→ Task to carry out:
Instruction for the data below: set down exactly the lines from the line with "THEFT DETERRENT /" to the line with "хорошо им вдвоём", inclusive, and no others.
START Source data
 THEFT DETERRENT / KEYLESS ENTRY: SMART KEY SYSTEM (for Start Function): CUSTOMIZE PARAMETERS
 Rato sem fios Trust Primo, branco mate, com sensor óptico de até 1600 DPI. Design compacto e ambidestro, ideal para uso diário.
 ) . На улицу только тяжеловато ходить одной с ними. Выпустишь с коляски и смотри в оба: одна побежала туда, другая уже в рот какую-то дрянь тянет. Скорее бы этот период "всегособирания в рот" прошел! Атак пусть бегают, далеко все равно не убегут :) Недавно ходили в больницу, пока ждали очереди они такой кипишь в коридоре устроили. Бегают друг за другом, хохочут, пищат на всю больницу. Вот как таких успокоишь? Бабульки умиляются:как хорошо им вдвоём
END Source data
START Source data
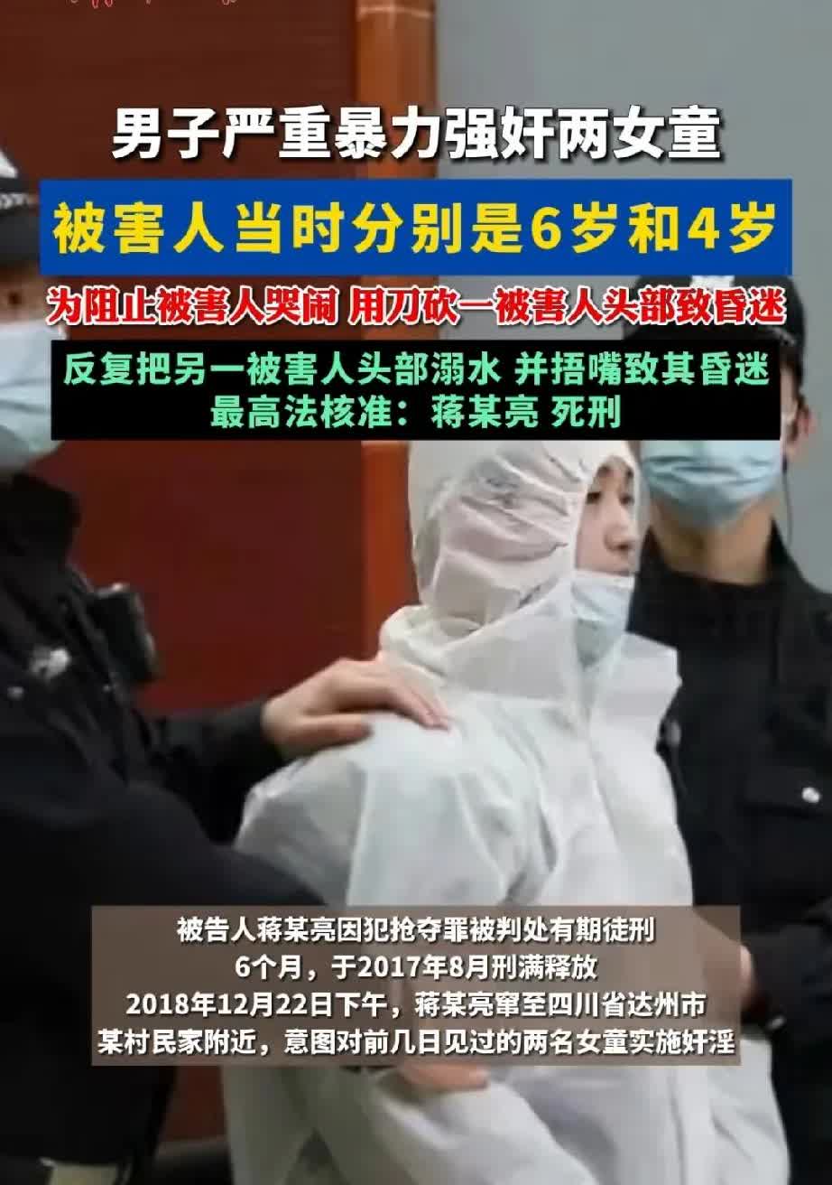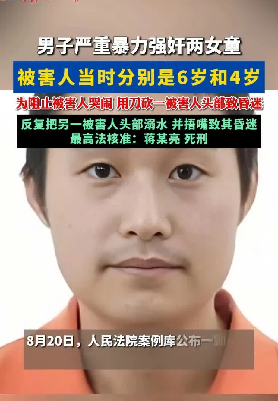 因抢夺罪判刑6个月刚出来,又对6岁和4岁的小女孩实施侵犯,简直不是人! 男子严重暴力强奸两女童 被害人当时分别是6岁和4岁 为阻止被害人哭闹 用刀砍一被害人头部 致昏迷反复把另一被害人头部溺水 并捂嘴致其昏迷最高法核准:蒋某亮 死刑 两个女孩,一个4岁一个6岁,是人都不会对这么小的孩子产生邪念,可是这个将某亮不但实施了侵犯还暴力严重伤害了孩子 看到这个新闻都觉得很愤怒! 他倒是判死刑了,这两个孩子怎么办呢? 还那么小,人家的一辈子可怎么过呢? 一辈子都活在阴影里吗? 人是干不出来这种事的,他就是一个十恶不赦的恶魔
END Source data
START Source data
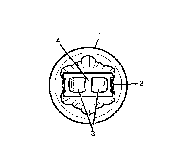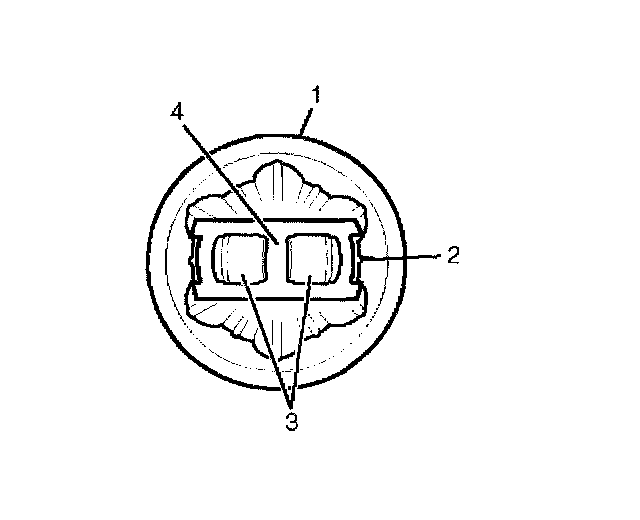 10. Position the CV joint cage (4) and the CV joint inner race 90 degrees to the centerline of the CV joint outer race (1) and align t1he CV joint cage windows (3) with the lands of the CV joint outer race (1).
END Source data
→ Response to this task:
 THEFT DETERRENT / KEYLESS ENTRY: SMART KEY SYSTEM (for Start Function): CUSTOMIZE PARAMETERS
 Rato sem fios Trust Primo, branco mate, com sensor óptico de até 1600 DPI. Design compacto e ambidestro, ideal para uso diário.
 ) . На улицу только тяжеловато ходить одной с ними. Выпустишь с коляски и смотри в оба: одна побежала туда, другая уже в рот какую-то дрянь тянет. Скорее бы этот период "всегособирания в рот" прошел! Атак пусть бегают, далеко все равно не убегут :) Недавно ходили в больницу, пока ждали очереди они такой кипишь в коридоре устроили. Бегают друг за другом, хохочут, пищат на всю больницу. Вот как таких успокоишь? Бабульки умиляются:как хорошо им вдвоём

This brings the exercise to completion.